Bank of Montreal and its affiliates report beneficial ownership of 2,727,928 SOL Strategies common shares, representing 9.72% of the class as of December 31, 2025. This crosses the 5% disclosure threshold for institutional investors under U.S. beneficial ownership rules.
Which entities are reporting beneficial ownership in SOL Strategies Inc. (STKE)?
The filing lists three reporting persons: Bank of Montreal, BANK OF MONTREAL HOLDING INC., and BMO NESBITT BURNS INC.. Each is organized at the Canada federal level and reports the same aggregate beneficial ownership and voting and dispositive power structure over the SOL Strategies shares.
How many SOL Strategies (STKE) shares does Bank of Montreal have voting power over?
The filing shows 349 shares subject to sole voting power for each reporting entity and 2,727,579 shares subject to shared voting power. These figures match their sole and shared dispositive power, indicating similar control over voting and potential sale of these shares.
Is Bank of Montreal’s 9.72% SOL Strategies (STKE) position considered passive or controlling?
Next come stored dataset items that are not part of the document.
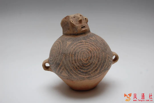 此彩陶颈部饰一人面像,人的眼下部有道平行的线纹,壶腹部有5个圆圈。整个壶的鲜明特征体现着原始社会纹面习俗的装饰。原始社会不但在陶器上模仿人体形态,而且把这种人体形态的器物当作人体一样采取纹身、纹面的装饰,人头像彩陶壶正是体现了这一特点,其装饰反映着当时人们的思想感情、观念和思维能力。人头像彩陶壶的装饰是墓葬中死者的容貌还是死者生前所用巫术礼器,至今不得而知。现藏于中国国家博物馆。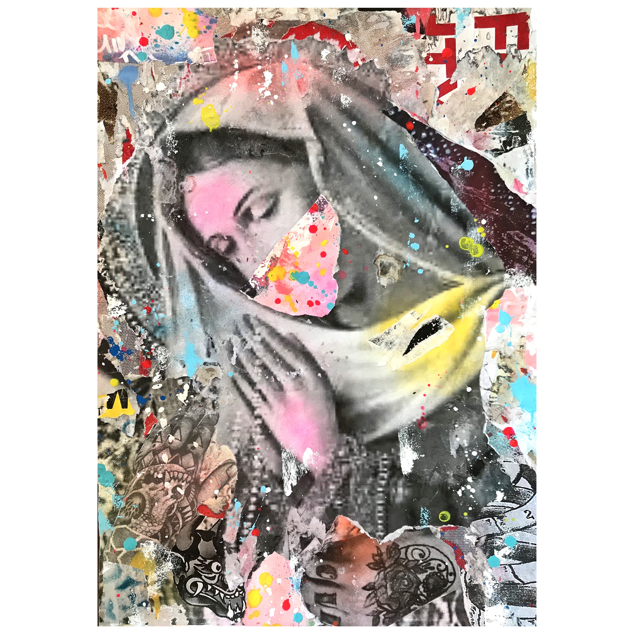 Then the main Image of a the The Virgin Mary was then added and further overlaid with a recycled paper and paint to give the image a worn rustic appearance, and then given the most essential fashion accessory in the modern world, a face mask.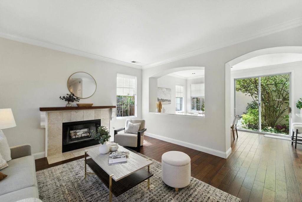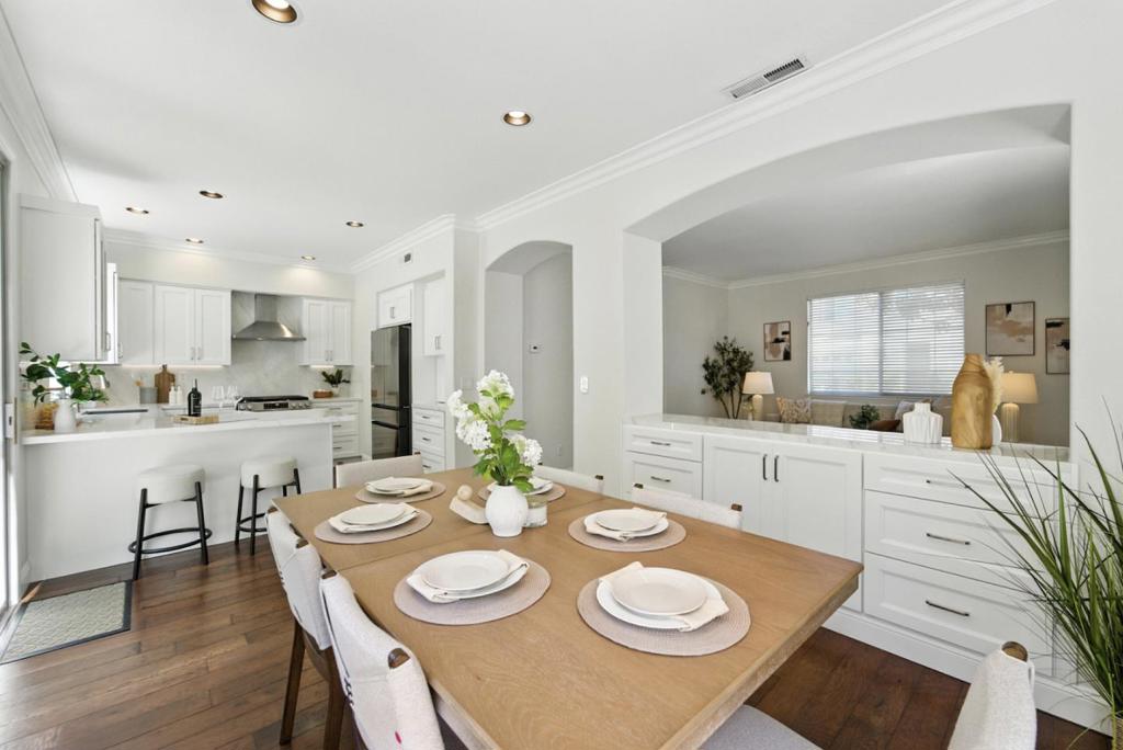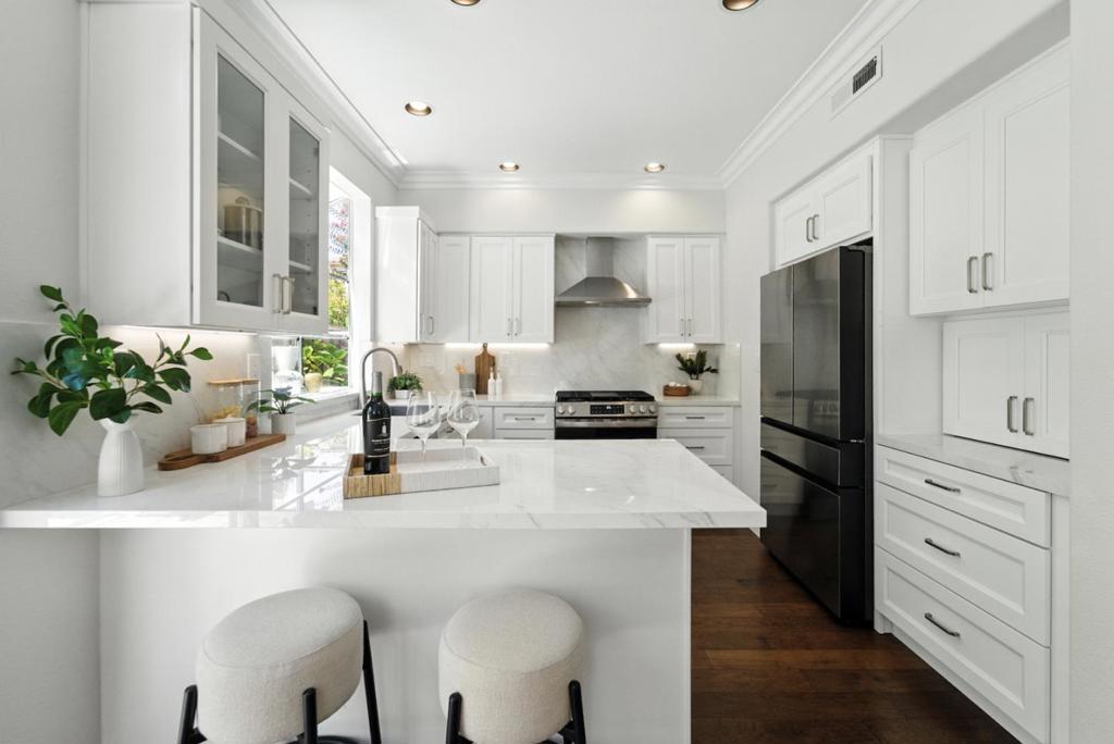 Gorgeous newer design home with sought after high ceilings, luxurious, ultra spacious primary suite with walk in closet, dual sinks, large soaking tub and separate shower plus private water closet. Fully remodeled kitchen with new cabinetry, porcelain counters and newer appliances which include a Panasonic Home Chef microwave/convection oven/airfryer. Dining room buffet cabinetry added for serving and designer storage. The other two bedrooms share Jack and Jill bathroom with quartz counter new sinks and faucets. This bath allows added private bathroom access from both bedrooms. Enjoy the elegance of real wood floors. Lush, private back yard offers space to enjoy al fresco dining, BBQ or time with friends and family. Best of all this home is just steps from Santana Row and Valley Fair mall. This home offers a lifestyle of walking to shopping, restaurants, Farmers Market and movies. 1 yr old HVAC. Roof excellent condition. This home is move in ready to enjoy.

The reporting persons certify the securities were acquired and are held in the ordinary course of business and not for the purpose or effect of changing or influencing control of SOL Strategies. This aligns with a passive ownership stance under Schedule 13G requirements.
Are any SOL Strategies (STKE) shares held by Bank of Montreal on behalf of clients?
Yes. The filing explains that certain securities are held in the ordinary course of business while the reporting person acts as prime broker for specific clients. Those clients may have the right to receive dividends or sale proceeds on positions exceeding 5% of the class.
What class of SOL Strategies (STKE) securities is covered by this Schedule 13G?
The Schedule 13G covers Common Shares, no par value of SOL Strategies Inc., identified by CUSIP 83411A205. The reported beneficial ownership and related voting and dispositive powers all relate to this single class of equity securities.